Dünyanın tüm ülkelerinde olduğu gibi Almanya’da kadınlar aynı işi yapmalarına karşın bir, iki istisna dışında bütün meslek gruplarında erkeklere göre daha düşük ücret alıyor.

Son olarak, “Equal Pay Day” (“Eşit Ücret Günü”) vesilesiyle Hans-Böckler-Vakfı (HBS) ve Devlet İstatistik Dairesi DESTATIS, kadınların elde ettikleri veya bir başka deyişle elde edemedikleri ücretlerle ilgili raporlar yayınladılar.

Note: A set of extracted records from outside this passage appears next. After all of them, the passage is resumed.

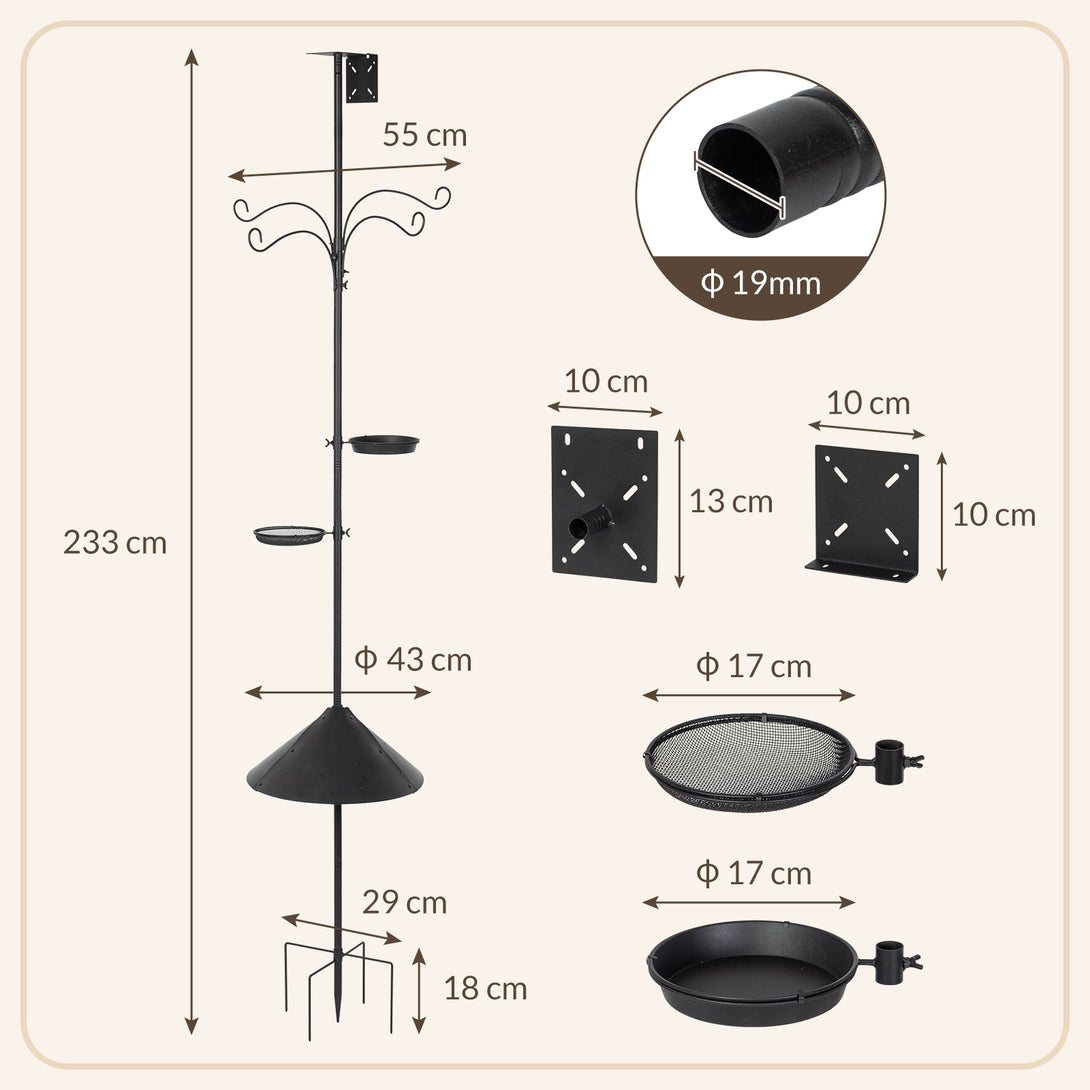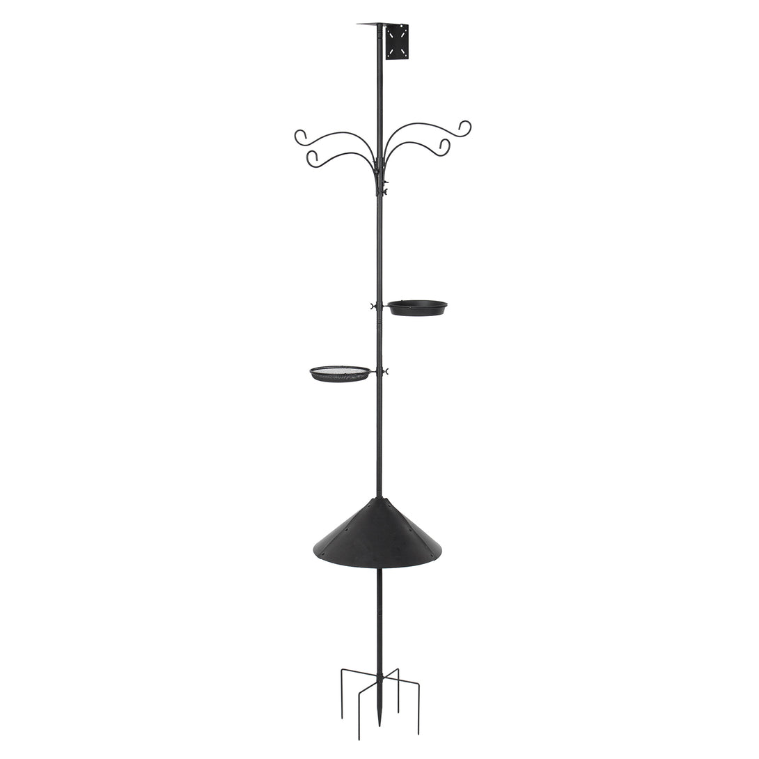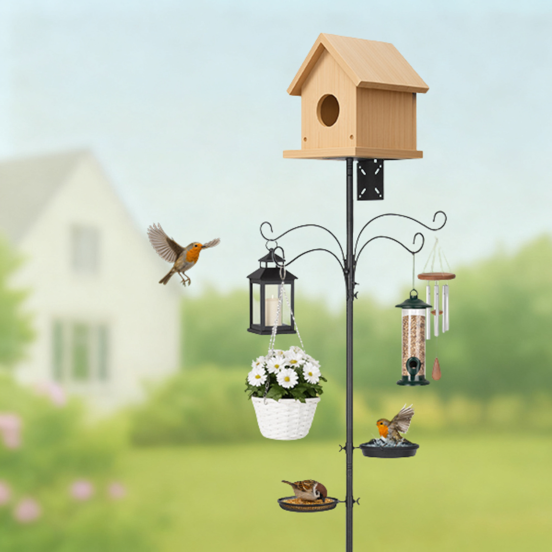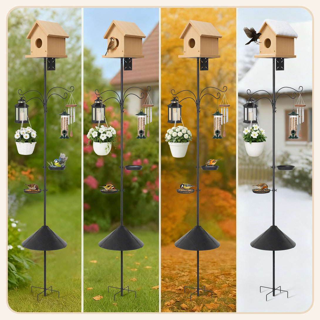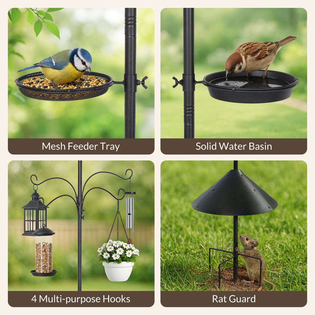 Adjustable Hook System: Equipped with 4 sturdy hooks, 2 trays for seeds and water, plus rodent guard; height adjustable with wing nuts.
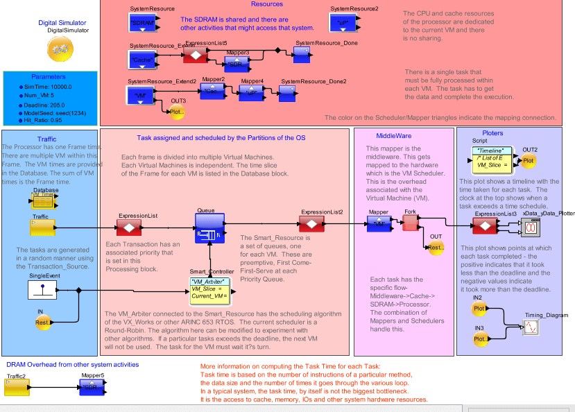 VisualSim ARINC 653 is a system simulation library that contains the model of the real-time operating system (RTOS), components to emulate the software tasks, hardware components and analysis tools. The models can be used for timing analysis, power consumption and functional correctness. Each application software/task is called a partition and has its own memory space. It also has a dedicated time slot allocated. Within each Partition multitasking is allowed. The API provides services to manage partitions, processes and timing, as well as partition/process communication and error handling.
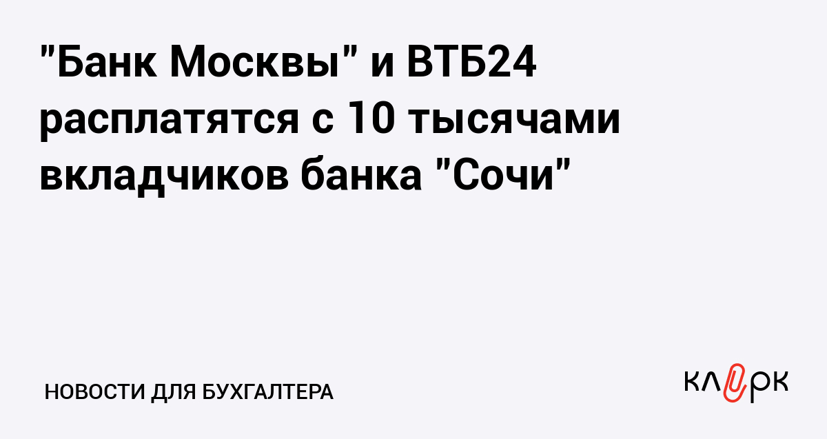 "Банк Москвы" и ВТБ24 расплатятся с 10 тысячами вкладчиков банка "Сочи"
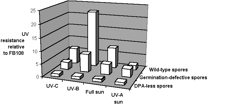 1. The resistance of bacterial spores to solar UV is the sum of a number of protective, photochemical, and repair mechanisms.
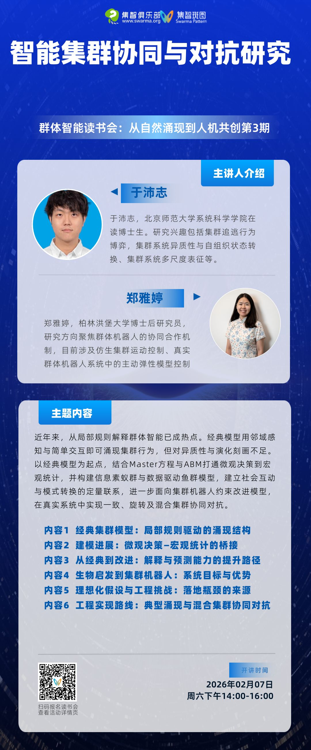 集智俱乐部联合北京师范大学系统科学学院韩战钢教授、暨南大学计算传播研究中心赵甜芳副教授、新疆大学物理科学与技术学院玉素甫·艾比布拉副教授等学者,共同发起本次「群体智能」读书会,尝试用一条普适的线索,把自然界的鸟群蚁群、人类社会的集群行为、以及人工智能时代的多智能体与群智优化,放在同一张地图上重新理解。读书会自2026年1月24日开始,安排在每周六下午 14:00–16:00,欢迎所有对群体智能如何涌现、如何被理解、以及如何被设计,感兴趣的朋友一起加入:带着问题来,带着更有趣的问题去。
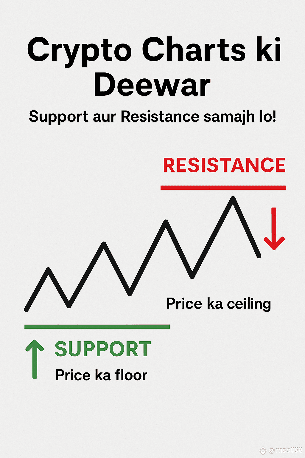 Example: Agar BTC baar baar $25,000 pe ruk raha hai → ye support hai.
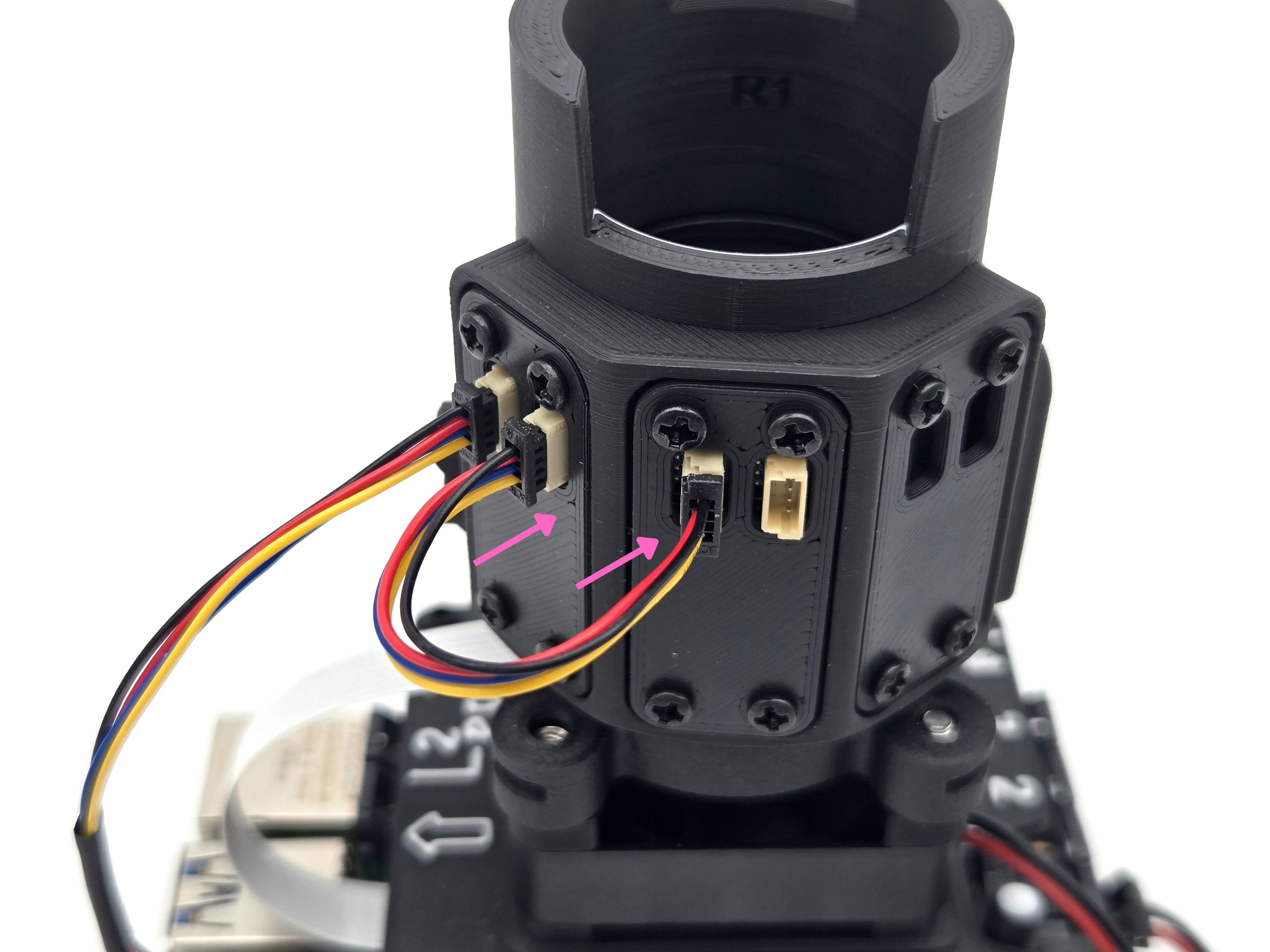 - Connect the other end to the leftmost eye-spy. Use the colors of the wire to orient the connector correctly.

HBS hazırladığı rapor için 11 bin 200 kişinin internet üzerinden doldurduğu anket formlarını temel alırken, DESTATIS doğal olarak çok daha geniş bir veri tabanına sahip. Ancak bu durum raporların sonucunu değiştirmiyor; Kadınlar aynı işi yapmalarına karşın Almanya’da erkeklerden daha az ücret alıyorlar. HBS’e göre oran yüzde 21, DESTATIS’e göre ise yüzde 22.

Tabi bu rakamlar ortalamayı gösteriyor. Asıl olarak bu ortalamaya neden olan verileri incelemek gerekiyor. Bu konuda HBS daha fazla ayrıntıya yer veriyor. Meslek hayatının ilk yıllarında 25-30 yaşlarında kadınlar, erkeklere göre yüzde 13 daha az ücret alıyorlar. Yaş ilerledikçe ücret farkı da artıyor. 36-40 yaş grubunda bu oran yüzde 19’a çıkıyor. 51-55 yaş grubunda ise fark yüzde 21’e çıkıyor. 61-65 yaş grubu arasında ücret farkı yüzde 28’e çıkıyor. Kamu alanında ücret farkı yüzde 6 iken özel sektörde bu oran dört kat artarak yüzde 24’e çıkıyor. Erkeklerin ortalama brüt saat ücretleri 19,84 iken kadınların brüt saat ücretleri 15,56 Euro.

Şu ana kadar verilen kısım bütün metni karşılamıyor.